Configurable browser action for MV3 extension

I’m trying to make the browser action in my Firefox MV3 extension configurable so that the user can choose to either open an extension page in a popup window or show a sidebar UI. The configuration would be set in the extension preferences page, and the setting stored in extension storage (get/set via the browser.storage.local API).

But I’m running into a blocker due to browser.sidebarAction.open() only callable from a user action. In the browser action handler, I would need to read the user’s preference from storage to determine whether to open the sidebar or the popup window. But the following doesn’t work:

browser.action.onClicked.addListener(async (aTab) => {
  // Get the user's preferred action when the browser action is clicked
  let pref = await browser.storage.local.get("browserAction");
  if (pref.browserAction == 1) {
    // This doesn't work!
    browser.sidebarAction.open();
  }
  else {
    openThePopupWindow();
  }
});

And from what I understand, it doesn’t work because putting browser.sidebarAction.open() inside an async function causes it to lose the user action/input context. But it’s necessary because the browser.storage APIs are asynchronous.

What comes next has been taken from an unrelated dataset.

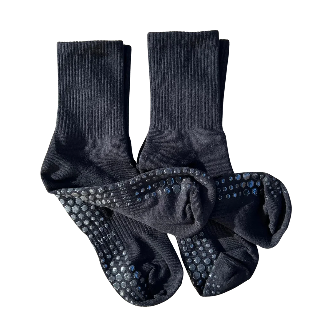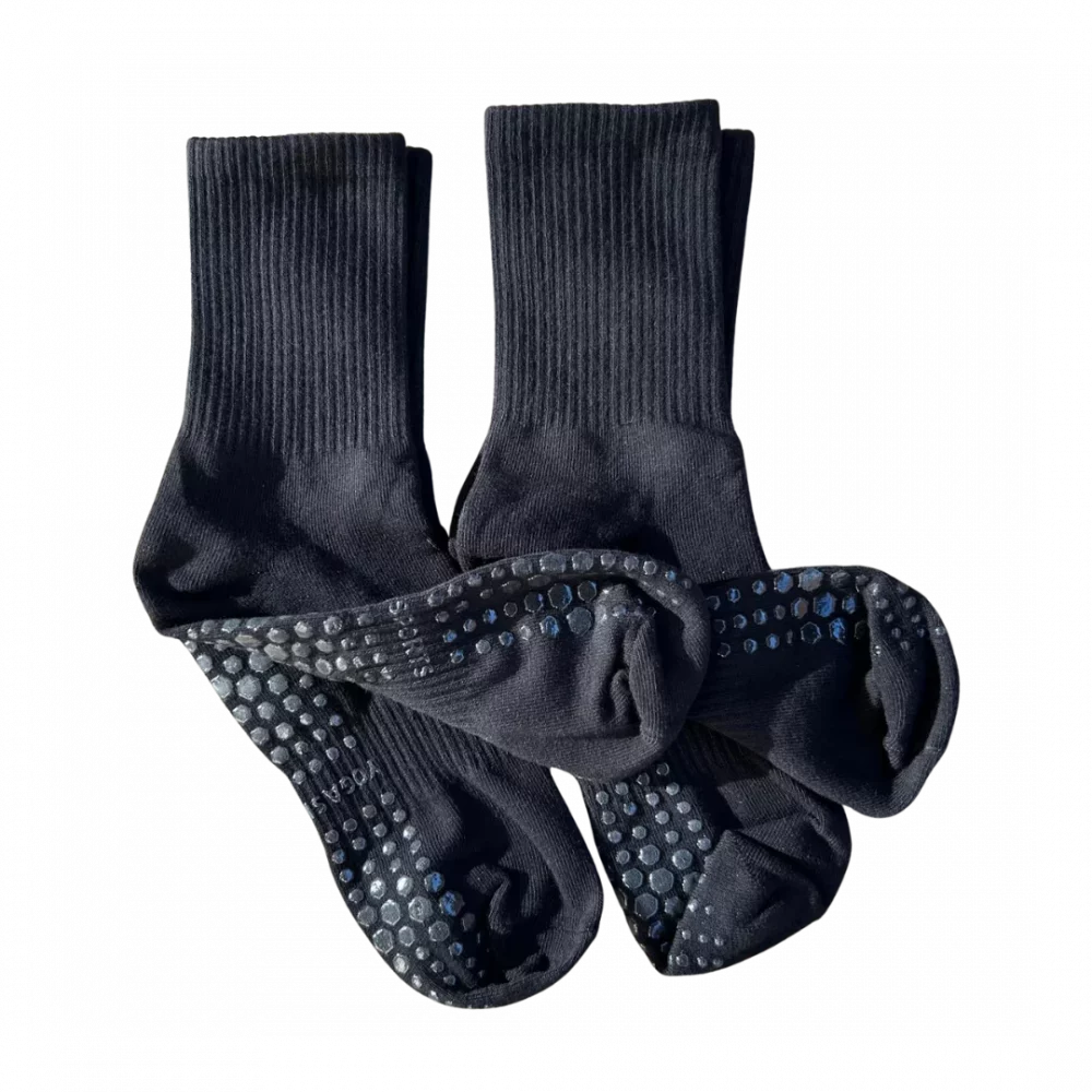 Chaussettes antidérapantes noires, taille unique (jusqu’au 41-42), montantes mi-mollet, offrant confort, maintien et meilleure stabilité au quotidien.

What workarounds should I consider?

1 Like

There is a plan to remove the user-action requirement for the similar “openPopup” API:

I think the same reasoning could be used for the sidebar.
Especially when using non-persistent background scripts where you can’t access async store to read user preferences when the script just woke up.

The only workaround I can think of is to use “localStorage”, which is synchronous. But this will work only in Firefox since Chromium service workers can’t access localStorage anymore.

1 Like

The solution I’ve used in the past is to use the storage.onChanged API to listen for changes to the settings. Then you can change the browserAction.onClicked listener as needed by removing the old one and putting in the new one.

It’s potentially slightly more performant because you are handling the user’s setting before it’s needed, so you no longer need to waste time loading the setting when the user clicks.

2 Likes

Thanks @juraj.masiar - the solution is exactly what I needed! I’m not too concerned about incompatibility with Chrome since the extension is only intended to work in Firefox.

@ComputerWhiz This is what I would have done in the past as well, but my extension is MV3, and I found that when the suspended background script is restarted when the browser action is clicked, repopulating the setting in the background page won’t happen in time for the browser.action.onClicked listener to read it.

Building on what @juraj.masiar shared, there are also plans to remove the user interaction requirement from other similar UI surfaces like the pageAction and sidebarAction APIs.

That said, I still think we have a broader problem with reacting to user actions asynchronously in background event listeners. For example, say you use the action.onClicked event to trigger a permissions.request() call, but first you need to fetch a value from storage in order to make the correct permission request. While I can’t promise any specific action, it’s at least a problem that we’re aware of.